Pass 1: Sample title pages, introductions, conclusions on long documents (per intelligent sampling). Run multimodal ai_query to emit Dewey Decimal codes + Sudanese geographies + water-relevance flag. "Reduced AI processing volume by more than 70% while preserving classification quality."
Pass 2: For each water-flagged document, process every page through the Foundation Model API for OCR + well/borehole identifier entity recognition.
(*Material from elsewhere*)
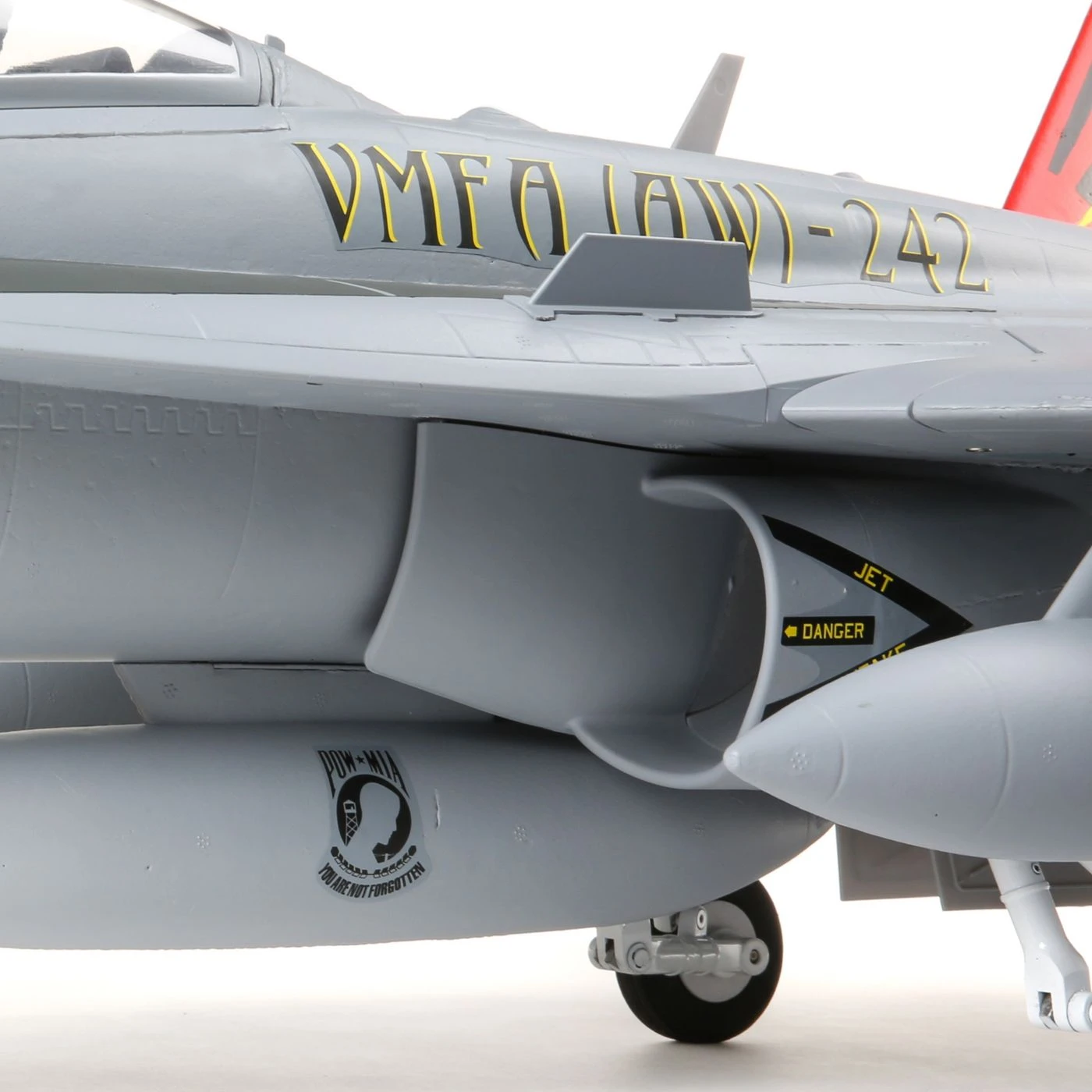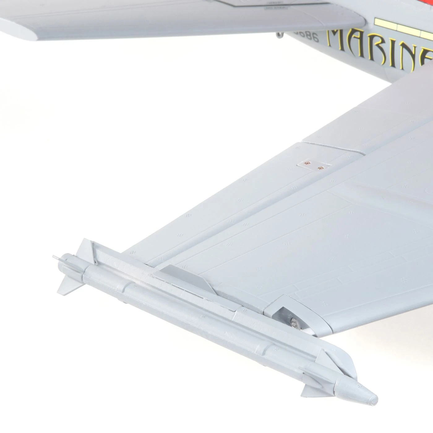 The F-18 Hornet 80mm EDF features an accurate outline and an abundance of Extra Scale details including molded-in panel lines and hatches, painted landing gear, removable ordnance and drop tanks – more details than you typically find on similar class and smaller models.

Merge text from all pages into a unified document representation. Run schema-constrained ai_query to emit JSON records for site name / GPS / depth / water level / yield.

"For each water-relevant document, the pipeline processes every page rather than just the sampled subset used for classification. OCR is performed page by page using a multimodal model… During OCR, the system also applies an entity recognition approach, identifying well and borehole identifiers as anchor entities so that records spanning multiple pages can be linked back to a single site." (Source: sources/2026-05-11-databricks-unlocking-the-archives)

Mechanics¶

Pass 1 sampling strategy is informed by document length, with informative sections preferred. See concepts/intelligent-document-sampling.
Routing flag in pass 1 is a typed boolean / categorical column on a Delta table. Pass 2 reads that table, filters, and runs per-page extraction.
Pass 2 anchor-entity linking lets multi-page records (coords on page 3, depth on page 7, yield on page 12) merge into a single output record. Without anchor entities, multi-page records would arrive as fragmented JSON objects.
Pass 1 quality is gated by an inline LLM-as-judge (see patterns/llm-judge-as-inline-pipeline-stage). Sub-threshold pass-1 classifications go to manual review before pass 2 wastes budget on a document whose flag may be wrong.

Why this beats a single uniform pass¶

Cost: budget concentrated on the ~50% that earns it.
Quality: pass 2 runs on every page (no sampling) precisely because pass 1 already filtered the corpus down to the high-value subset.
Iterability: prompt changes for classification (pass 1) don't re-trigger expensive extraction (pass 2). Schema changes for extraction don't re-trigger classification.
Observability: the routing-flag column is a natural debugging surface — "why didn't this document show up in extracted records" resolves at pass 1's flag value, not at the end of a single monolithic pipeline.

When to use¶

Corpora where only a fraction is the target of expensive processing.
Heterogeneous document corpora where classification is needed for discoverability and deep extraction is needed for the matching subset.
Pipelines where cost-per-page is high enough that filter-first pays for itself.

When not to use¶

Small corpora where the cost savings don't justify a two-stage pipeline.
Corpora where every document needs deep extraction (no routing/filtering signal exists).
Pipelines where the classification signal only exists in pages the sampler would skip (e.g. middle-of-document content).

Tradeoffs¶

Pipeline complexity. Two passes + a routing-flag table is more scaffolding than a single pass.
Pass 1 false-negatives silently exclude documents from pass 2 forever. Mitigation: inline judge on pass 1; periodic spot-check of flag-false documents.
Two iteration cycles when the schema for classification + extraction both change.

Seen in¶

sources/2026-05-11-databricks-unlocking-the-archives — canonical wiki instance. ~700-document archive; pass 1 with >70% sampling reduction over all pages produces water flags; pass 2 runs full-page OCR + JSON extraction only on the ~50% water-flagged subset producing 299 structured records.